Most of the conventional studies used well-known network-based CNN  architectures  such  as  SqueezeNet:  AlexNet  (Iandola, Han, Moskewicz, Ashraf, Dally, & Keutzer, 2016), VGG-16 &VGG-19 (Sengupta, Ye, Wang, Liu, & Roy, 2019), GoogleNet (Xie et al., 2018), MobileNet-V2 (Ma, Zhang, Zheng, & Sun, 2018), ResNet-18 & ResNet-50 & ResNet-101 (Szegedy, Ioffe, Vanhoucke, & Alemi, 2016), and Xception (Chollet, 2017) and turned out that only a few models such as Xception, ResNet-50, and VGG-16 achieved better detection accuracy for SARS-nCoV from thoracic X-ray images. Thus, the proposed work used these three network-based pre-trained convolution neural-network architectures for further studies. The accuracy was enhanced using the dense layer of Keras sequential model-2 from Verma, Nagpal, Desai, and Sudha (2020) research work. A typical architecture of the convolution neural network consists of the convolution layer, the subsampling layer, and a fully connected layer.
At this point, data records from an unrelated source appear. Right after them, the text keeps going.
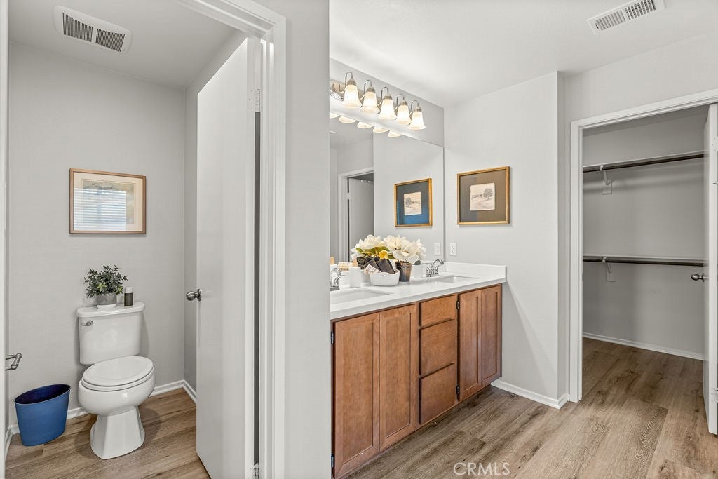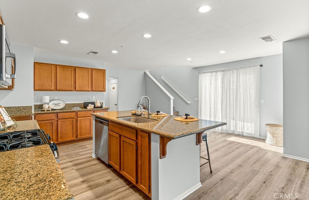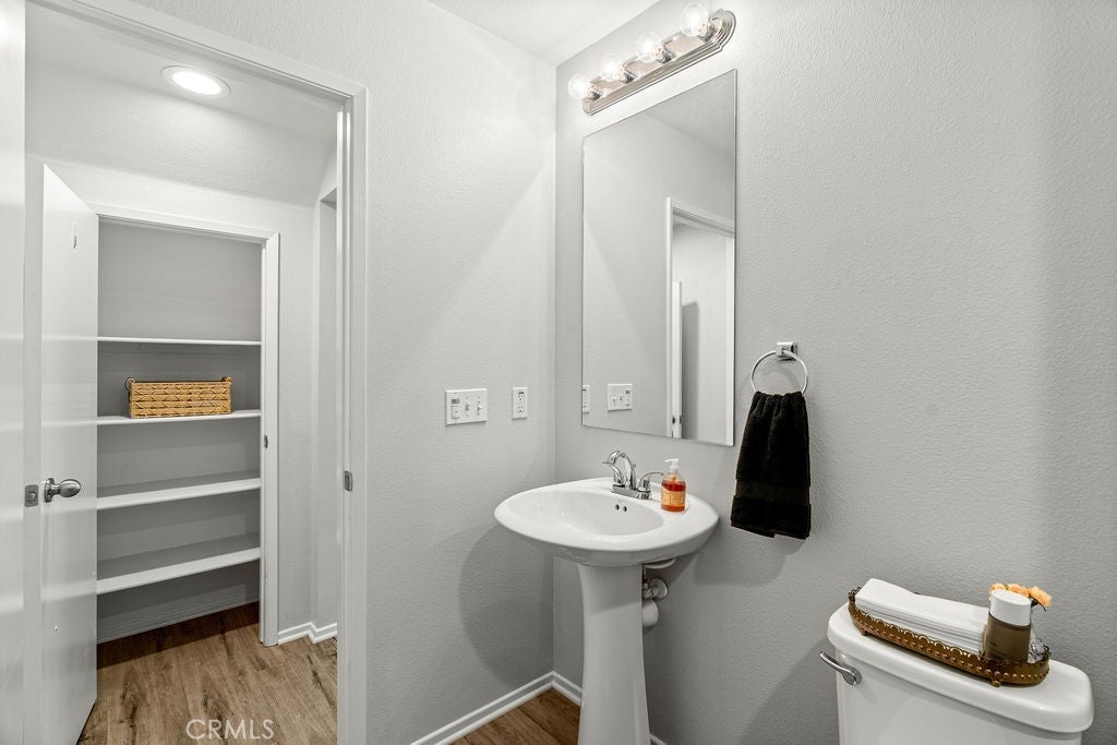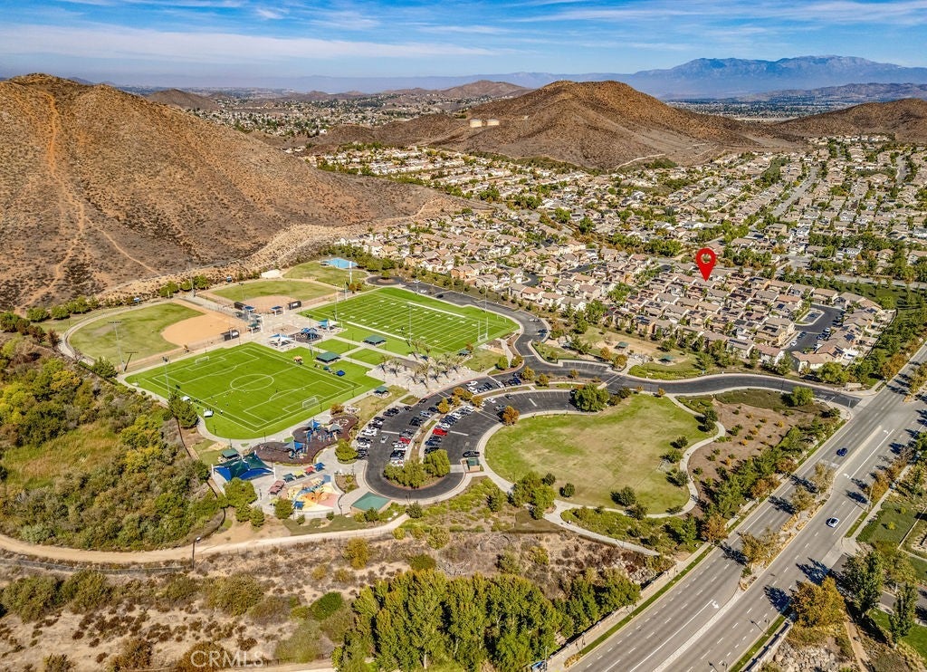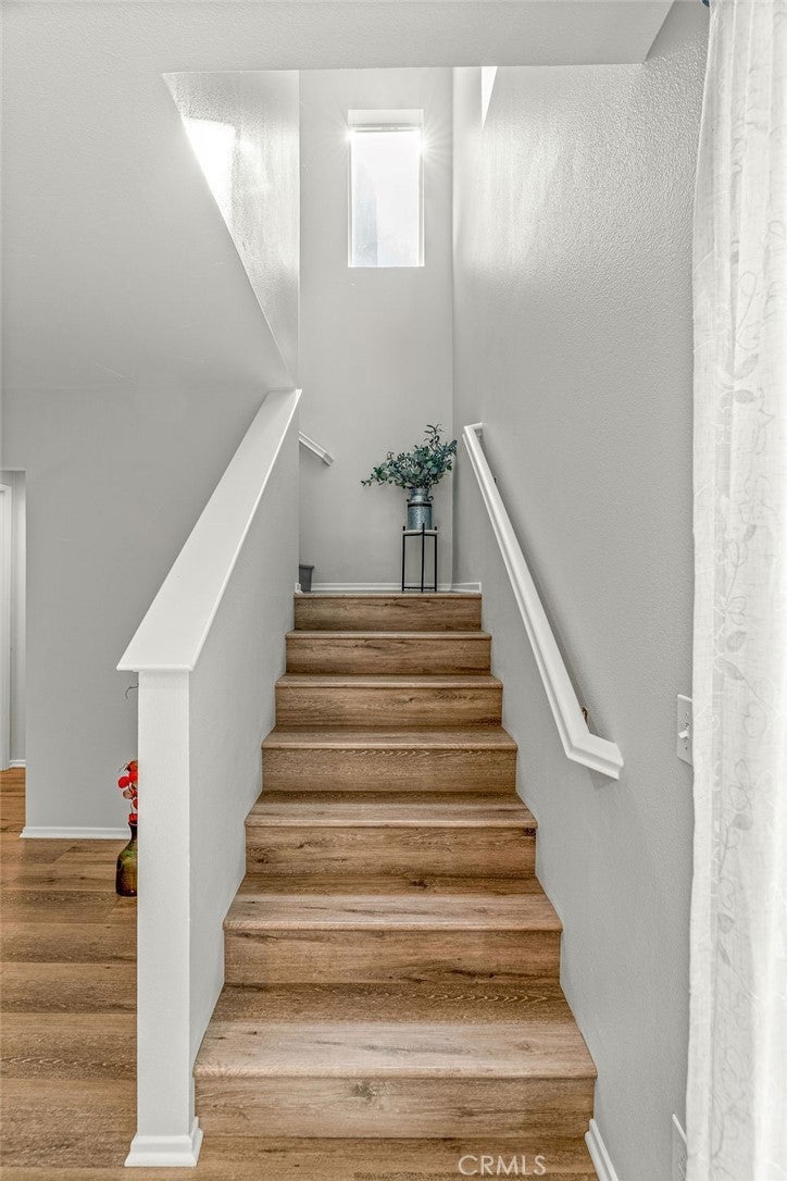 Nestled in the vibrant Canyon Hills neighborhood - presenting 34169 Carissa Dr, a beautifully maintained 3 bedroom, PLUS a downstairs multi-purpose room w/closet, 2.5 bath residence offering a stylish well-appointed floor plan. The open-concept layout is filled with natural light and provides a welcoming atmosphere for daily living or entertaining guests. Beautiful water & scratch proof laminate wood floors have been newly installed throughout the 1st and 2nd floors creating a cohesive modern style. The bright and open kitchen features maple cabinetry, granite counters, a large center island accommodating 4+ bar seating with inset stainless steel farm sink; stainless-steel free-standing stove, microwave, built-in duo trash bins, and a separate pantry. Ideally located on the 1st floor is a multi-purpose room to use as a downstairs bedroom, home office, or family/den space. There is also a 1/2 bath located downstairs. Upstairs are 3 bedrooms. The spacious primary en-suite features dual sinks, tub, walk-in shower & a large walk-in wardrobe. Two add'l bedrooms share a full bath with tub/shower combo. All bedrooms have ceiling fans and ample window exposure. Conveniently located on the 2nd floor is the laundry room. The patio features concrete patio, tropical landscaping, and artificial turf creating a very low-maintenance yard, perfect for families seeking style and convenience. Enjoy a family-friendly setting with access to clubhouse, 3 pools, multiple playgrounds, sports fields, dog parks, walking trails, and a splash pad—ideal for outdoor enthusiasts who appreciate active amenities. With tree-lined streets and top-rated local schools nearby, this home combines comfort, community, and outstanding value and is centrally located between the 15 and 215 freeways for your easy commute. Schedule your private showing to discover what makes this Lake Elsinore gem truly special.
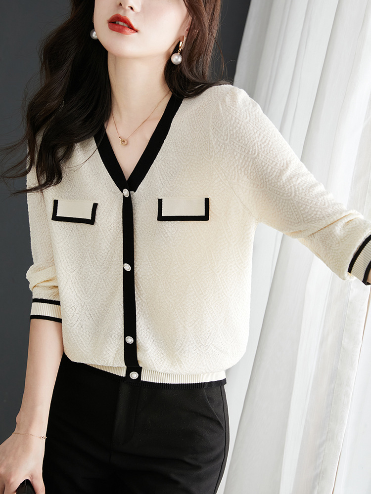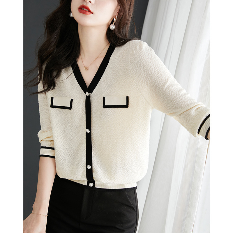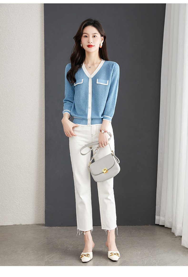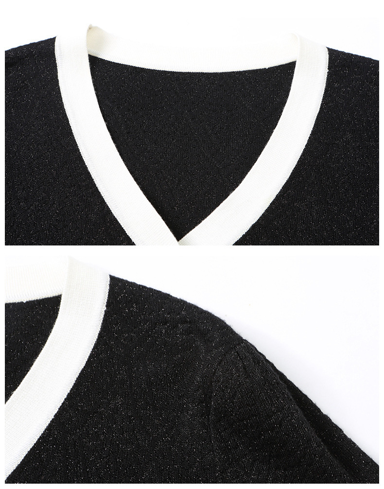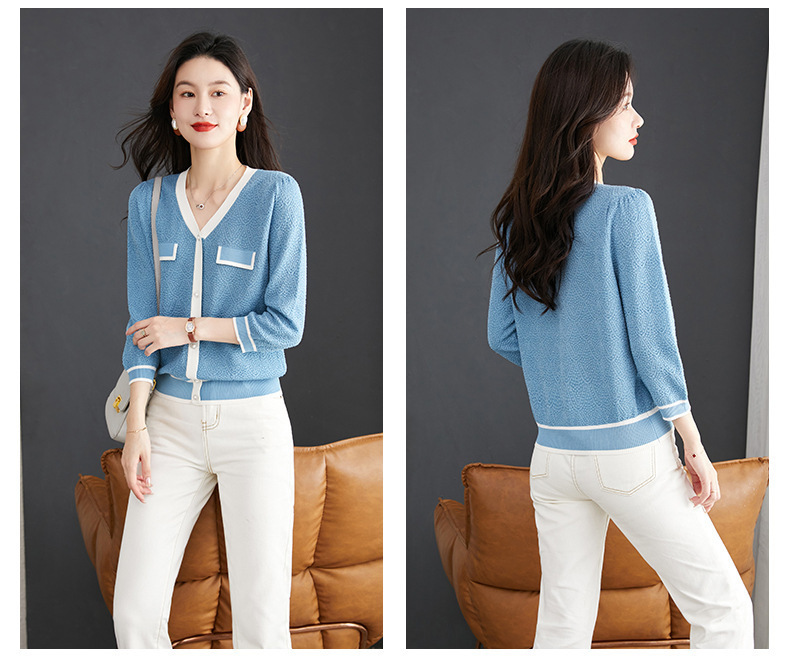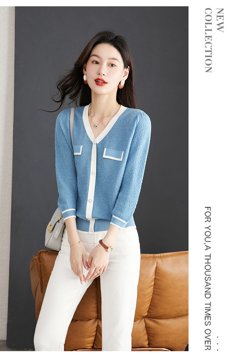 2025 새로운 V 넥 컬러 매칭 아이스 실크 니트 스웨터 여성 7 점 슬리브 캔들 실버 실크 샤넬 스타일 유행 웨스턴 스타일 탑
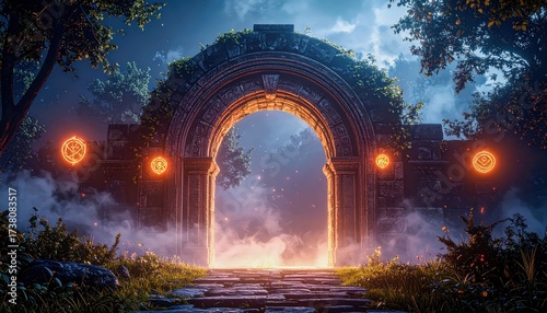 Fototapeta premium Glowing mystical portal surrounded by ancient ruins and eerie forest,...
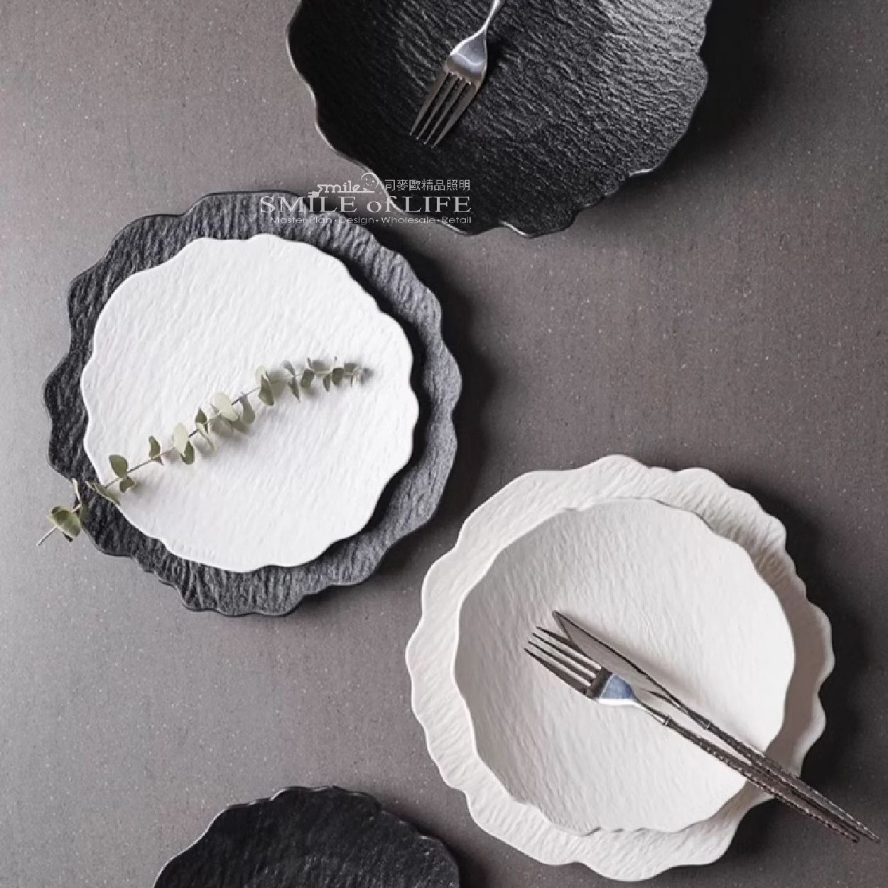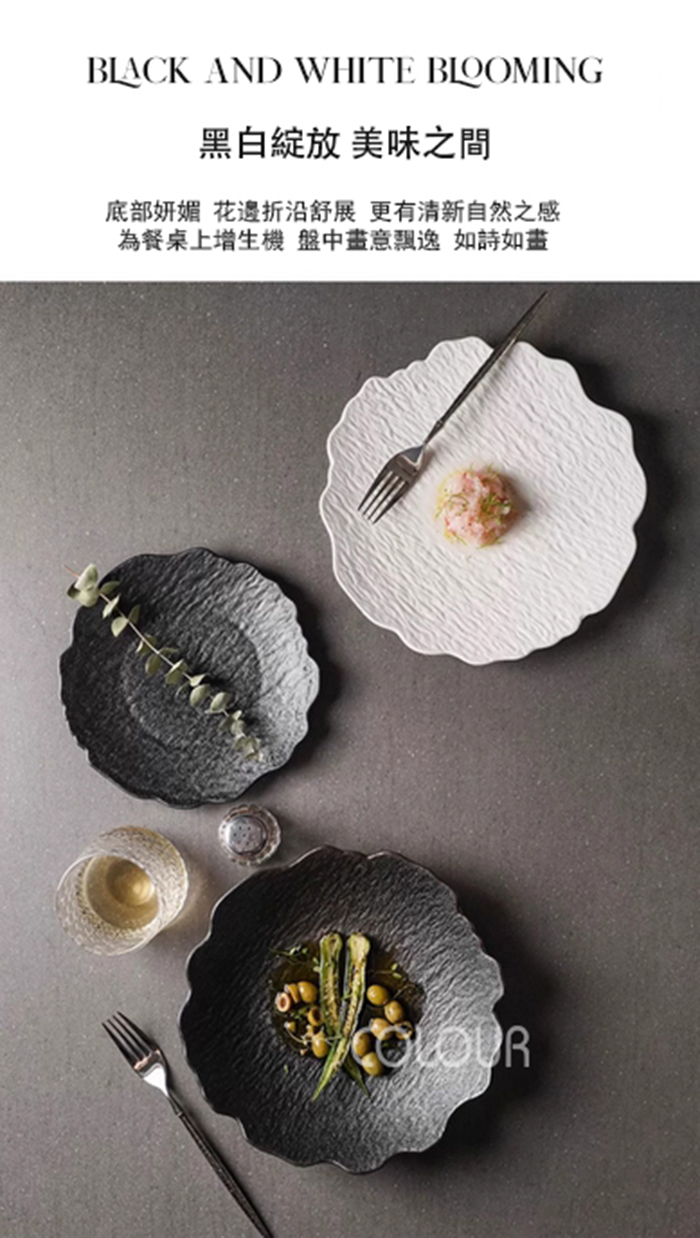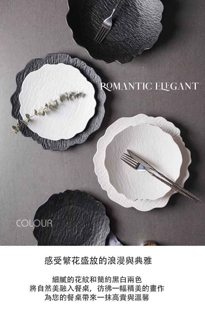 花戎系列餐盤-黑白兩色 感受繁花盛放的浪漫與典雅。 - 細膩的花紋和簡約黑白兩色 將自然美融入餐桌,彷彿一幅精美的畫作 為您的餐桌帶來一抹高貴與溫馨 商品尺寸 淺盤:直徑20.3cm 高2cm 深盤:直徑20cm 高4cm

All the layers mentioned above are stacked up to form an intact architecture of the CNN. In addition to these above presented key layers, CNN includes arbitrary layers such as implementing the batch to boost training time and the dropout layer to fix the overfitting issue. The proposed deep CNN Xception-I uses Xception as a base model with a dropout layer and seven fully connected layers. One of the commonly used activation functions is softmax. Activation functions are used in the model to impart non-linearity. A neural network model can behave like a linear regression model without the activation function. The softmax activation function is used in the fully connected layer for multi-label classification problem. The softmax outputs a vector representing the distributions of the probability of several possible outcomes. Xception-I has a total of 23,598,734 parameters, of which 23,544,206 are trainable, and 54,528 are non-trainable.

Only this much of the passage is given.